Students are finally being held accountable by colleges
It seems like we are finally seeing the return of one of the most important words you can hear on a college campus: “No.”
Last week, some 150 students at Pomona College, a liberal arts school in Claremont, California, stormed the building that houses school president Gabrielle Starr’s office — and refused to leave, in protest of the removal of pro-Palestinian art on the campus.
Starr did not shrink from the invaders, who were filming her. Instead, she confronted the students, issuing a warning.

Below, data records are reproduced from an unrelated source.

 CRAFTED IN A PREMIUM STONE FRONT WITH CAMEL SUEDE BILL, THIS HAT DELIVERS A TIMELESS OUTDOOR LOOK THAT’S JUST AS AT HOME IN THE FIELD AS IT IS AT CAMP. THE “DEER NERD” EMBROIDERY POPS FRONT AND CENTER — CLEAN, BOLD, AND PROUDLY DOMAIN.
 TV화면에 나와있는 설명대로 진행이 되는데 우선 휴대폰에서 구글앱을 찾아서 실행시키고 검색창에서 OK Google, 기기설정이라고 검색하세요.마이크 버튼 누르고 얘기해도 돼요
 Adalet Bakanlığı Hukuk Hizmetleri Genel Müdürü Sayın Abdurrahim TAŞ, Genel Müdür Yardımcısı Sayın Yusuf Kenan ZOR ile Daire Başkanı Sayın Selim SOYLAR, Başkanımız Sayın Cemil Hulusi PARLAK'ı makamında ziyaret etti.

“If you do not leave within the next ten minutes, every student in this building is immediately suspended from this institution,” she said in a video posted on X, adding that students from outside schools will be banned from campus.
She put her foot down and showed that, on her watch, actions have consequences.

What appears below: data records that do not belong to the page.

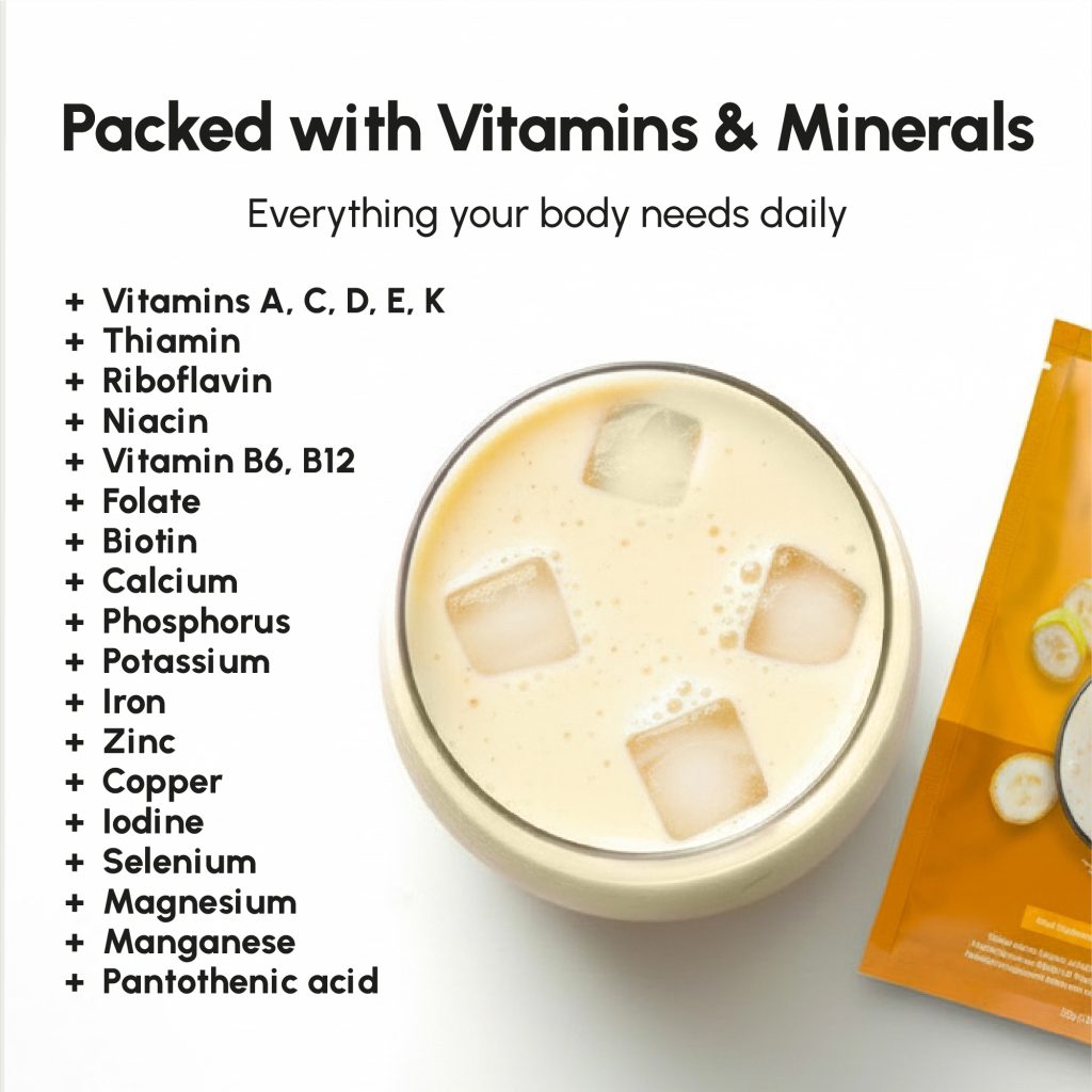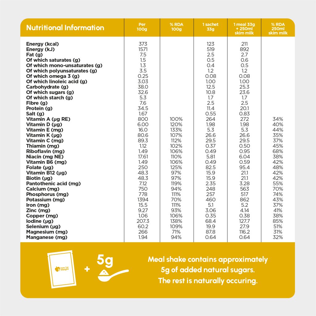 | Per 100g | RDA % (Per 100g) | Per Serving (33g) | RDA % (Per Serving) | Per Serving + 250ml skim milk | % RDA 1 sachet + 250ml skim milk | |
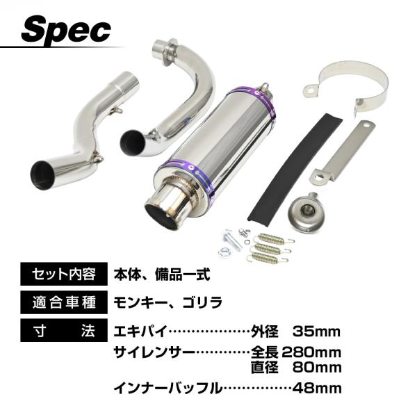 ホンダ モンキー ゴリラ マフラー ストレート オールステンレス ダウンマフラー フルエキゾースト サイレンサー インナーバッフル
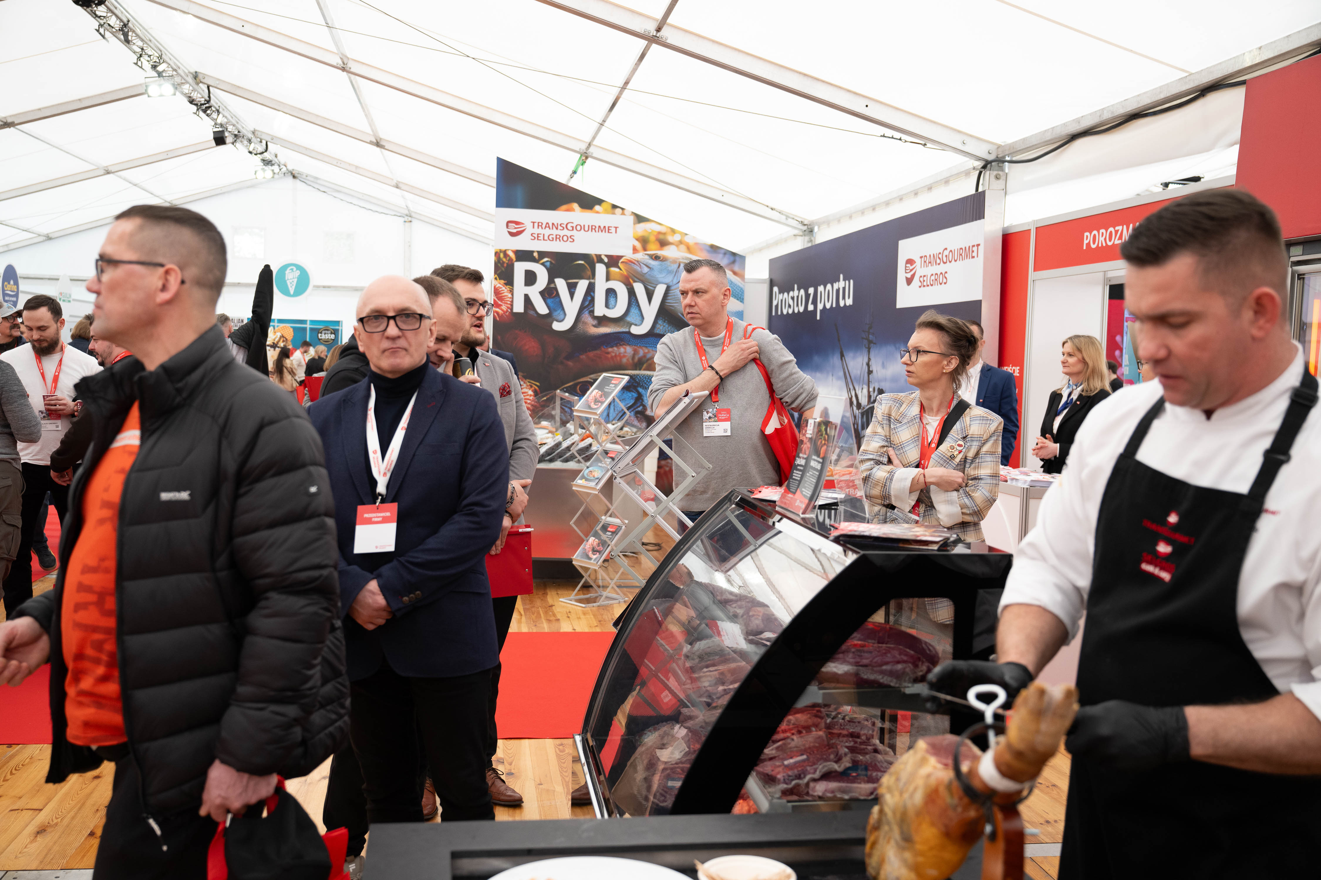 Przestrzeń targowa przyciągała uwagę efektownymi stoiskami ze świeżym mięsem oraz rybami i owocami morza znajdującymi się w stałej ofercie Transgourmet i Selgros, które cieszyły się dużym zainteresowaniem gości wydarzenia.

Starr’s warning came after swarms of pro-Palestinian students at Vanderbilt University pushed past a security guard and occupied Kirkland Hall, the site of the chancellor’s office, late last month.
Things reached parody level in Nashville when students called 911 because one of them needed to change her tampon. Four were arrested; three were expelled, one suspended and 22 given disciplinary probation.

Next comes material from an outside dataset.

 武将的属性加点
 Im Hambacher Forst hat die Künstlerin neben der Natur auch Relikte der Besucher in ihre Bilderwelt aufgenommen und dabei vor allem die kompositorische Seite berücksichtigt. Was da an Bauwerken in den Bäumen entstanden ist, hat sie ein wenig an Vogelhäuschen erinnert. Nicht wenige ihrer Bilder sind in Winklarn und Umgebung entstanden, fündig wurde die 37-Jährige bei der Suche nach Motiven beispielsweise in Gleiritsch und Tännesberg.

Last week, University of Michigan president Santa Ono issued a new policy against “disruptive activity” after he was shouted down by students while giving remarks at a convocation.
A handful of years ago, this all would have been unremarkable: school administrators wielding the proverbial yardstick and doling out punishment for behavior that breaks norms, the law or school policy.
But in the last decade, many campus leaders have ostensibly turned to “gentle parenting” on an institutional level. It’s all led to an erosion of free speech and authority, and the veneration of student temper tantrums — mostly fueled by micro-aggressions, identity politics and, lately, the Middle East.
The results of this flawed approach have been on full display in the wake of the October 7 massacre in Israel, as campuses have devolved into chaos over the ensuing conflict. Students demanding divestment from Israel have occupied buildings, led (brief) hunger strikes and called for intifada.
Not that there weren’t harbingers of such behavior in 2015 and 2017, at both Yale and Evergreen College, in Washington, where professors were the target of intense student protests because they dared question woke orthodoxy.
Since then, we’ve seen angry kids disrupt speakers on campus, drowning them out with jeers — like when Stanford Law School students shouted down Trump-appointed US Circuit Judge Stuart Kyle Duncan in March 2023.
Riley Gaines said she was assaulted by trans activists in April of last year while speaking at San Francisco State University, where she had to barricade herself in a classroom. The school, instead of apologizing to Gaines, responded by acknowledging the protestors’ pain. (In February, the school’s police dropped the investigation, which Gaines said “sets a dangerous precedent“).
Students have been emboldened as the adults retreat — lest the mobs get them fired or, worse, canceled. The inmates have been running the asylum; but if the two weeks have been any indication, there’s a correction afoot.
There’s also been another sliver of hope, in a different realm of university leadership — a success story fueled by a healthy dose of “no.”
In the lead-up to Monday’s NCAA Men’s National Championship, UConn basketball head coach Danny Hurley was interviewed about his approach to recruiting players.
“There’s measurable talents you have to have,” he said. “The height, the speed, the skill set. But we spend a lot of time really focusing on the parents. Are they going to be fans of their sons when they are on campus or are they going to be parents? Are they going to hold them accountable and have an expectation that [if] something goes wrong…their son has to work harder, do more, earn his role?”
In other words: Hurley is not afraid to say no to talent if they haven’t been schooled in the ABCs of accountability culture.
It’s an important distinction in this ever-shifting college sports landscape, where some athletes are earning more than coaches thanks to Name Image and Likeness (NIL).
Power dynamics have radically changed, placing players in pole position.
And still, Hurley is old school — the captain of the ship, rather than letting student athletes lead. There’s a hierarchy there, and the big cheese isn’t putting up with nonsense.
It paid off when the team won for the second year in a row: Proof that guardrails for the young and malleable are needed to build responsible, formidable adults. Maybe even champions.
Sure, activism isn’t a varsity sport — even if some of these student protesters are approaching it like they’re competing for a national title.
But sports can offer a philosophy to life. A framework. A system. Especially in academia, which is explicitly tasked with molding young minds and building intellect, capability and resilience.
Hurley’s approach works. Let’s hope school administrators — and parents still indulging their kids — consider the playbook.